Exit tickets can be a great way to do this, but a brief period in-class would also work.
Another strategy is to help learners recognize when it is important to ask for help.
Often in data science, the right question to the right person (or community)
can save hours of work.
### Learning strategies matter
While teachers are responsible for designing learning opportunities, learners
also play an important role in their own learning! According to the authors of
*How People Learn II*, learning strategies matter, including those that help students
retrieve, summarize, and explain what they have learned to themselves and others (see @nrc2018 for an elaboration on these).
Teaching strategies, such as how content is spaced and sequenced, also help learners.
@dirksen2015's *Design for How People Learn* presents these strategies, based largely on instructional
design research, that may be helpful to those teaching data science.

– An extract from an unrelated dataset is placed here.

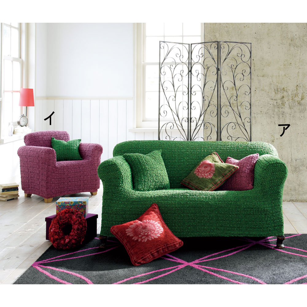 いつものソファに飽きたら、[クルール]の印象的な色で手軽にイメージチェンジ。ぐんっと伸びてソファにぴったりフィットします。差し色としても使いやすい、印象的なニュアンスカラーがソファの存在感を高めます。ちょっと大胆な色もカバーなら挑戦してみる価値あり!(ア)アボカド、(イ)グレープ、(エ)チョコ、(キ)ブルーベリー、(ク)カフェオレの5色は、黒糸とのミックス調になっているので、奥行きのある落ち着いた雰囲気の色合いに。自慢のヨーロッパ製。■スペインのメーカーから直輸入。ディノスのソファカバーは、ソファメーカーが数多く存在するヨーロッパ、中でも、スペインのメーカーが生地生産から縫製まですべての工程を手掛けるため、クオリティの高さと、カラー&デザインの豊富さが魅力です。掛け変え、ラクラク。■ソファにぴったりフィット。お使いのソファにかぶせ、すき間に布を押し込めば出来上がり!よく伸びて掛け替えしやすく、キレイにフィットします。■面倒な手間はいりません。ソファを返したり、裏で結んだりなどの面倒な作業もなく、簡単に掛けられます。

What is most important for teachers of data science is less the specific strategies,
and more the commitment to teaching their students how to learn.
## Summary
Data science educators do not need to reinvent the wheel when it comes to teaching about data science. Insights from other, related educational domains (such as statistics education and computer science education) may prove helpful to those seeking to teach data science to others, whether in a one-on-one setting, a workshop, or through a formal class. In this chapter, we sought to describe both the pedagogical principles for this book and some
strategies for teaching data science. As scholarship and practice where it comes to teaching and learning data science continues to develop, we hope that those teaching (and producing scholarship about) data science not only draw upon the findings of those in other domains but carve out a domain of their own---one with findings that may have implications for how statistics, computer science, or even subject matters such as science and mathematics are learned.